Work item >>
Reproduce every line of the data, exactly and without its pictures.

Provided entries >>
+++
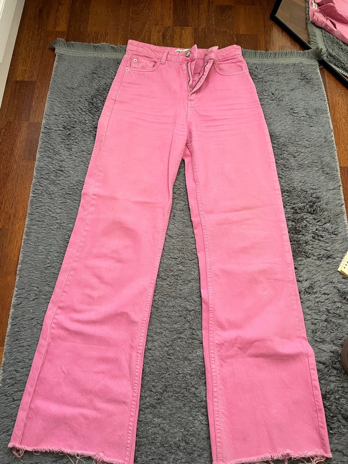 Pastel Pembe Uzun Kadın Kot Pantolon
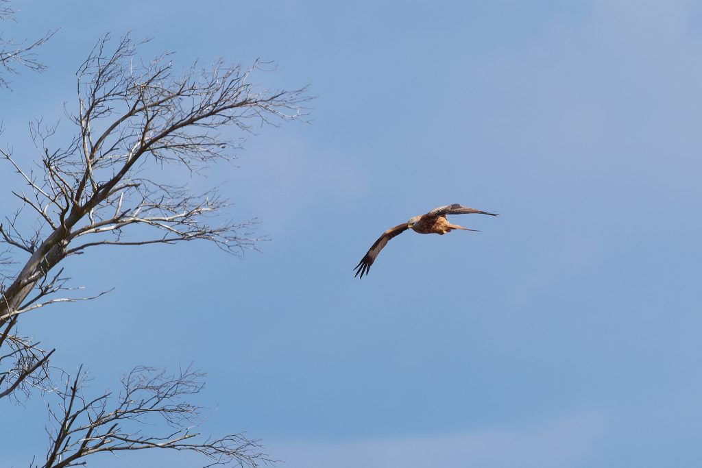 Another walk around the meadow today. Very quiet in the bird sense. Many birds on the water seem to have flown away when it froze over last week. Could not spot much in the forested areas either. However, I did spot a Red Kite soaring overhead.
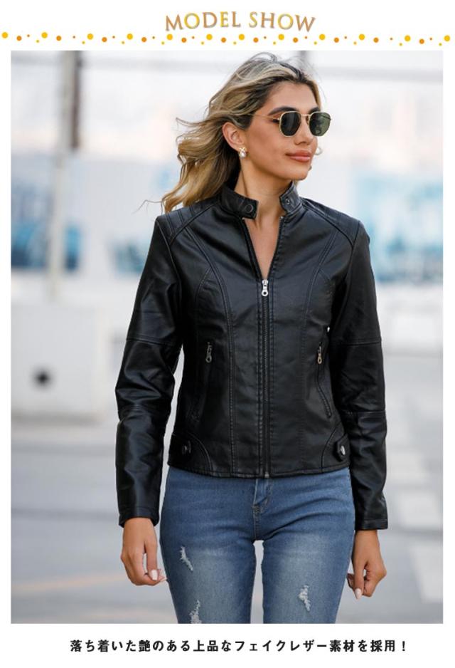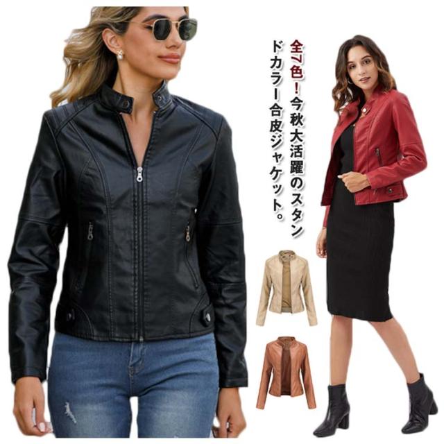 PU合皮 レディース ジャケット フェイクレザー ブルゾン 春 スタンドカラー ライダースジャケット M アウター レザージャケット レザージャケット 秋 冬 おしゃれ 大きサイズ XS S 合皮ジャケット L XL 2XL 3XL
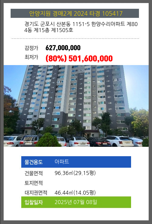 사건번호 2024 타경 105417 본건은 경기도 군포시 산본동 1151-5 한양수리아파트 제804동 제15층 제1505호소재하는 아파트경매 물건의 포스팅입니다. 건물면적 [ 96.36㎡ (29.15평) ]대지권 [ 46.44㎡ (14.05평) ]
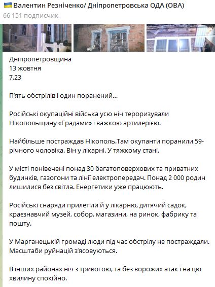 Ночью Никопольский район Днепропетровской области вновь был под обстрелами РФ  из "Градов" и тяжелой артиллерии. Больше всего пострадал Никополь.
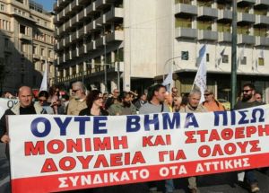 «Η κυβέρνηση ΣΥΡΙΖΑ – ΑΝΕΛ ψήφισε άρθρο στο πολυνομοσχέδιο όπου το αίτημα μας για μετατροπή των συμβάσεων μας από ορισμένου χρόνου σε αορίστου που οδήγησε στους μεγάλους αγώνες του καλοκαιριού, που υιοθετήθηκε από δεκάδες σωματεία και κινητοποίησε χιλιάδες εργαζόμενους απαγορεύεται δια νόμου!
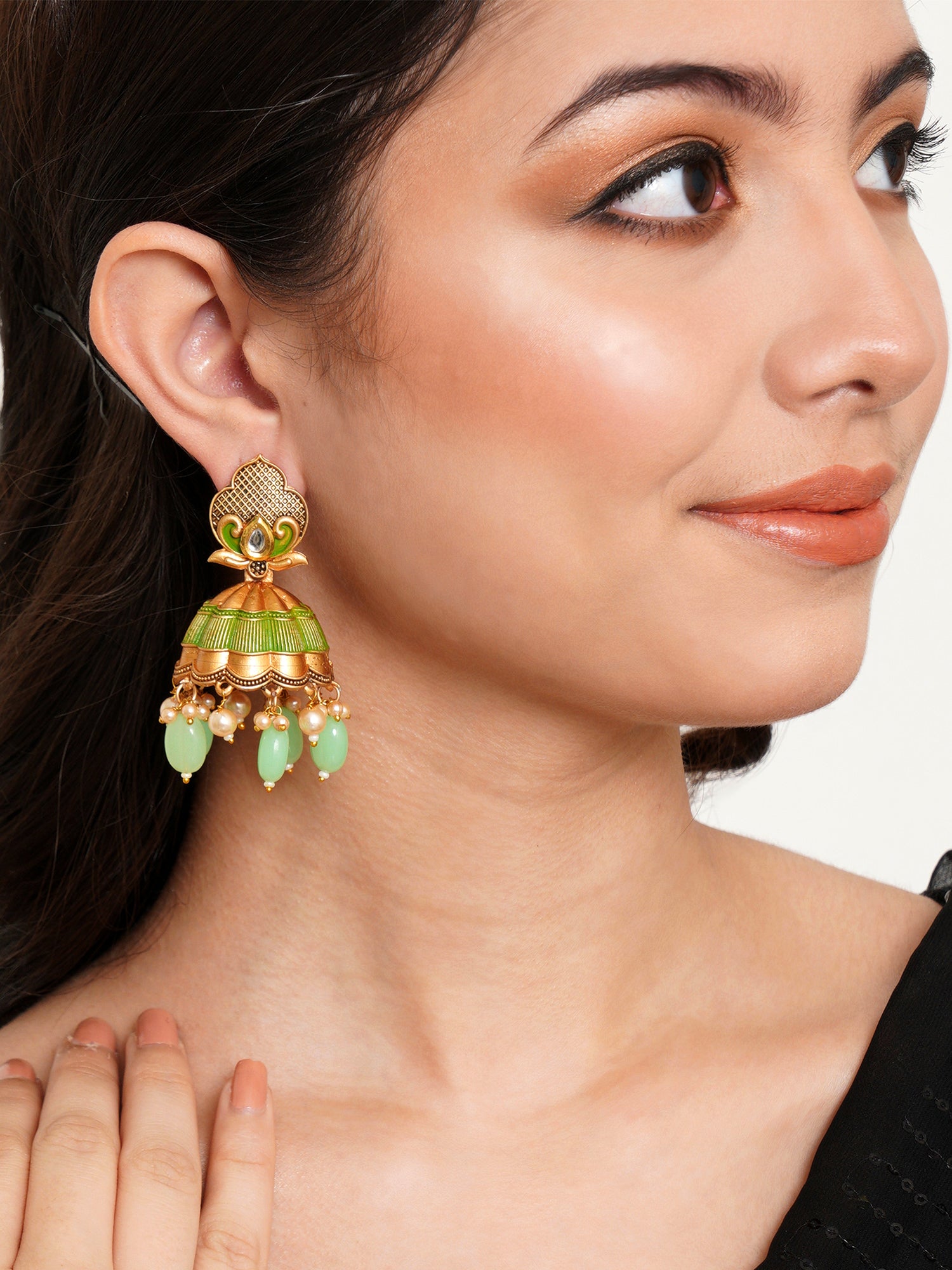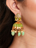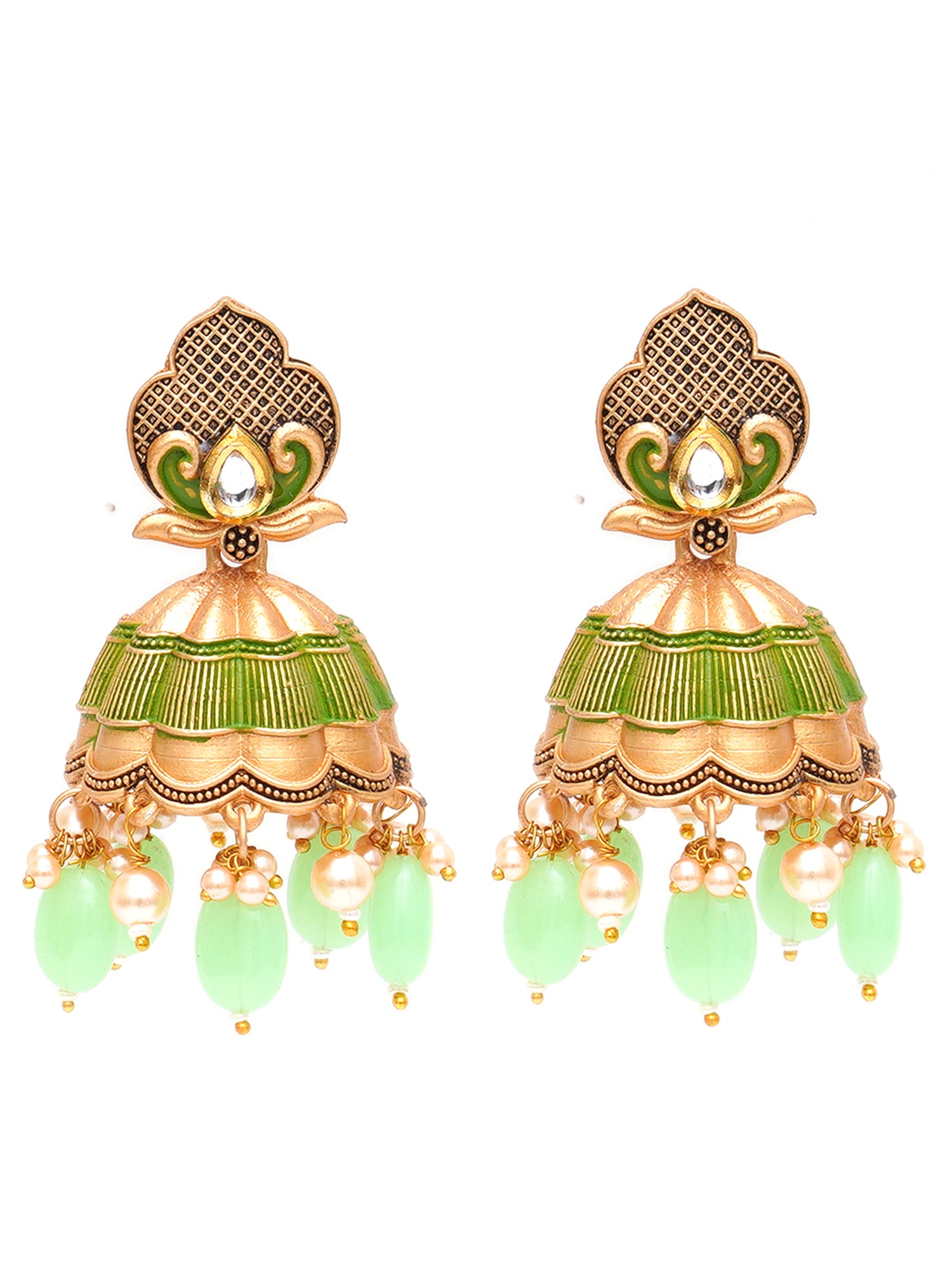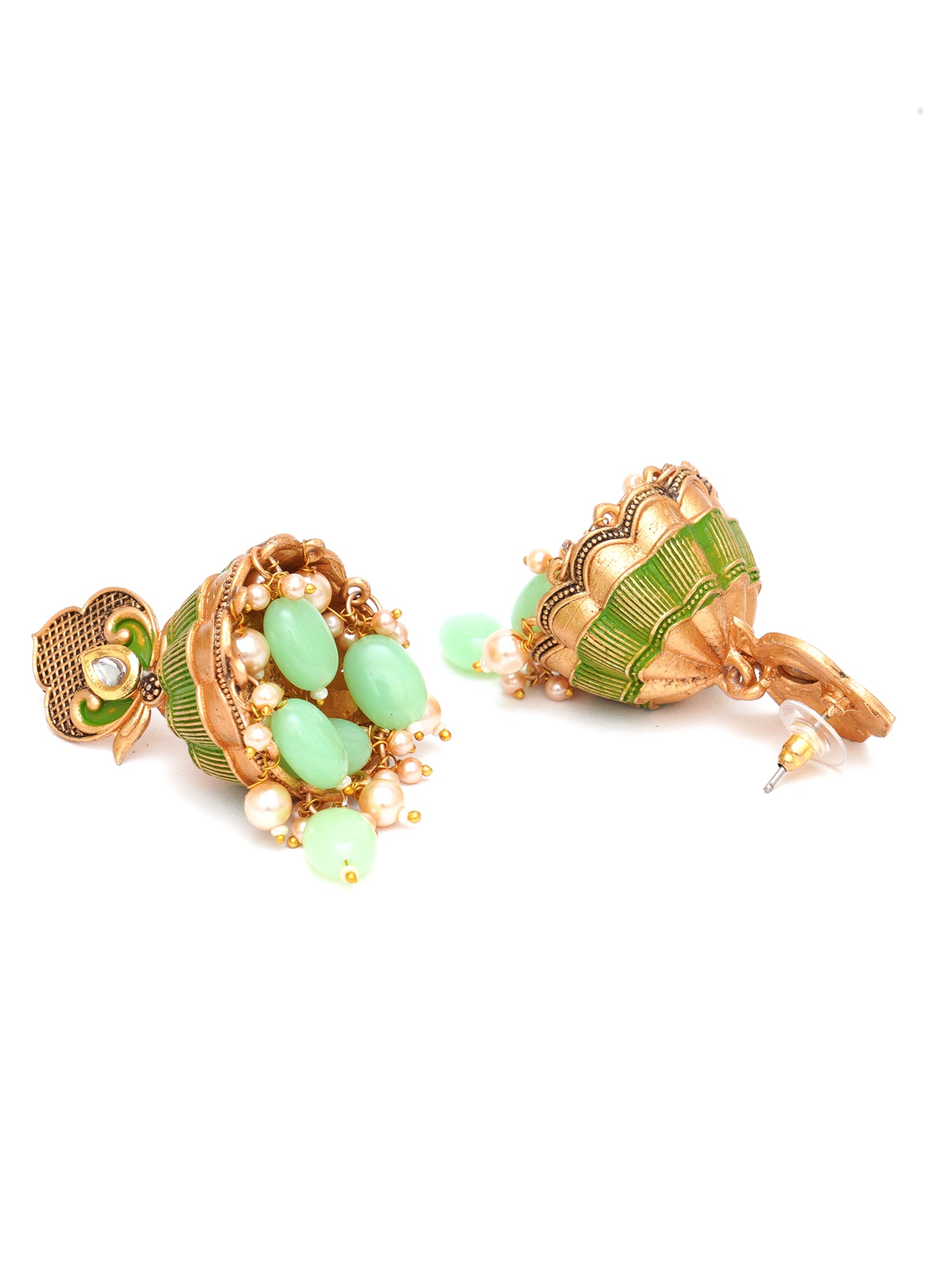 Karatcart Gold Plated Light Green Tumble and Golden Pearl Studded Jhumki Earrings for Women
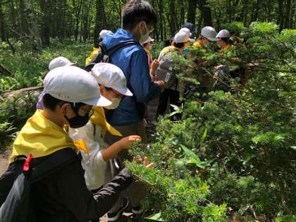 1枚目の写真はウラジロモミを教わって実際に触って感触や葉裏の色合いを確かめているようすです。
+++
Answer to this problem >>
 Pastel Pembe Uzun Kadın Kot Pantolon
 Another walk around the meadow today. Very quiet in the bird sense. Many birds on the water seem to have flown away when it froze over last week. Could not spot much in the forested areas either. However, I did spot a Red Kite soaring overhead.
 PU合皮 レディース ジャケット フェイクレザー ブルゾン 春 スタンドカラー ライダースジャケット M アウター レザージャケット レザージャケット 秋 冬 おしゃれ 大きサイズ XS S 合皮ジャケット L XL 2XL 3XL
 사건번호 2024 타경 105417 본건은 경기도 군포시 산본동 1151-5 한양수리아파트 제804동 제15층 제1505호소재하는 아파트경매 물건의 포스팅입니다. 건물면적 [ 96.36㎡ (29.15평) ]대지권 [ 46.44㎡ (14.05평) ]
 Ночью Никопольский район Днепропетровской области вновь был под обстрелами РФ  из "Градов" и тяжелой артиллерии. Больше всего пострадал Никополь.
 «Η κυβέρνηση ΣΥΡΙΖΑ – ΑΝΕΛ ψήφισε άρθρο στο πολυνομοσχέδιο όπου το αίτημα μας για μετατροπή των συμβάσεων μας από ορισμένου χρόνου σε αορίστου που οδήγησε στους μεγάλους αγώνες του καλοκαιριού, που υιοθετήθηκε από δεκάδες σωματεία και κινητοποίησε χιλιάδες εργαζόμενους απαγορεύεται δια νόμου!
 Karatcart Gold Plated Light Green Tumble and Golden Pearl Studded Jhumki Earrings for Women
 1枚目の写真はウラジロモミを教わって実際に触って感触や葉裏の色合いを確かめているようすです。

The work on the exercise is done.